Now the same Scott Yara who hovered over me for months in marketing micromanagement before I broke the news of the Greenplum and Teradata eBay installations — he could do that because the whole discussion started out under NDA — doesn’t answer my email. Evidently, Greenplum thinks it’s OK to repeatedly be misleading, but doesn’t think it’s OK if my nuance is one they disagree with.
The most entertaining example I recall of Greenplum BS was when CTO Luke Lonergan told 50+ academics at the 2009 XLDB that Greenplum had 10 customers with half a petabyte each of data. I followed him out of the room and said “10 customers — half a petabyte each — I presume that’s for sufficiently small values of ‘one half’?” We eventually settled on a value of “one half” in the 0.2 range — which is actually a pretty impressive claim in itself.
Be all that as it may, EMC Greenplum has a couple of press releases out on which I’ve been asked to comment.
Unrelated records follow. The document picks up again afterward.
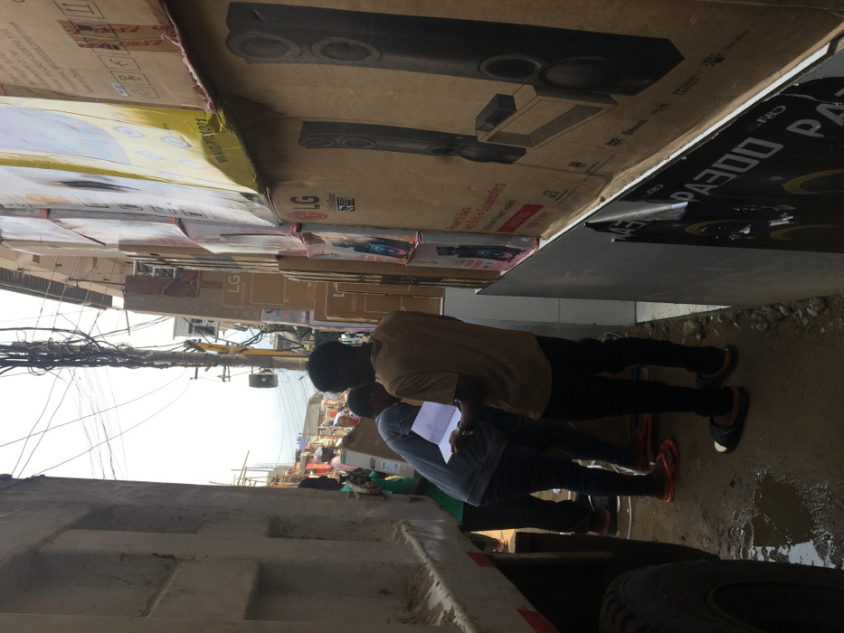 The image displays a bustling, narrow commercial passageway in Ojo, Nigeria, under an overcast sky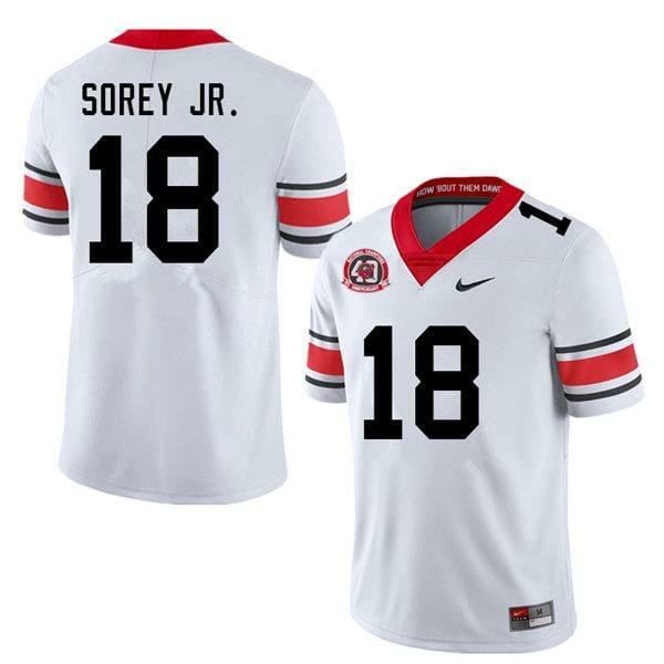 Celebrate your football fandom with this ncaa football jersey ! This Georgia Bulldogs #18 Xavian Sorey Jr. Game NCAA College Football Jersey White is available in various size men, women and youth and features a combination of stitched-embroidery. You’ll look just like your favorite ncaa football players when you rock this ncaa football jersey!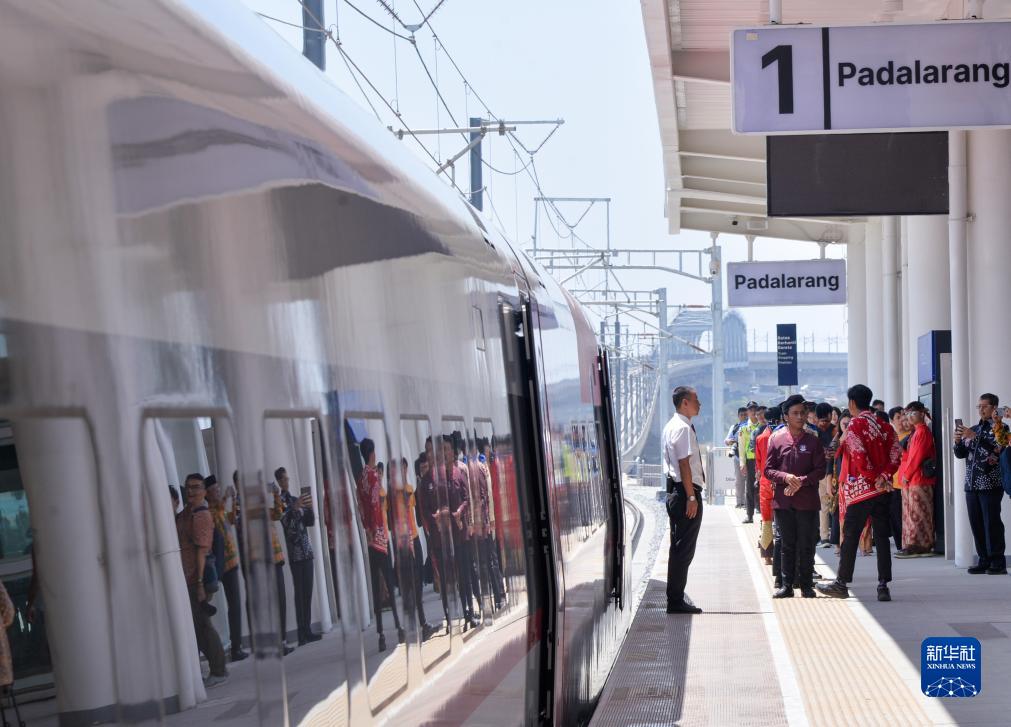 10月2日,一列雅万高铁动车组停靠在印度尼西亚帕达拉朗车站。

One is a deal with SAS, less impressive than SAS’ deals with Teradata and Aster Data in that it offers no actual in-database modeling. Yes, it sounds like modeling on the same nodes where the data sits, but it sounds less desirable than true in-database modeling in that:
- You can only get great performance if the amount of data modeled is small enough to fit into RAM.
- Integration with other database processing, MapReduce, etc. may be limited.
Also, EMC Greenplum expanded its line of appliances, to include one that seems optimized for price-per-terabyte and one with solid-state drives. So far, that’s very standard stuff. There’s also a new data loading appliance, which seems to catch up with the Aster Data’s 2008 strategy of having separate nodes for bulk loading.
Ironically, when Aster moved away from a total reliance on that strategy, it was becoming more Greenplum-like. As is so often the case, it seems that different vendors’ feature sets are converging.
Meanwhile, the last I heard about Greenplum’s previously very strategic Chorus effort is that it’s being revamped. I don’t get the impression it’s nearly as central to Greenplum’s strategy as it used to be.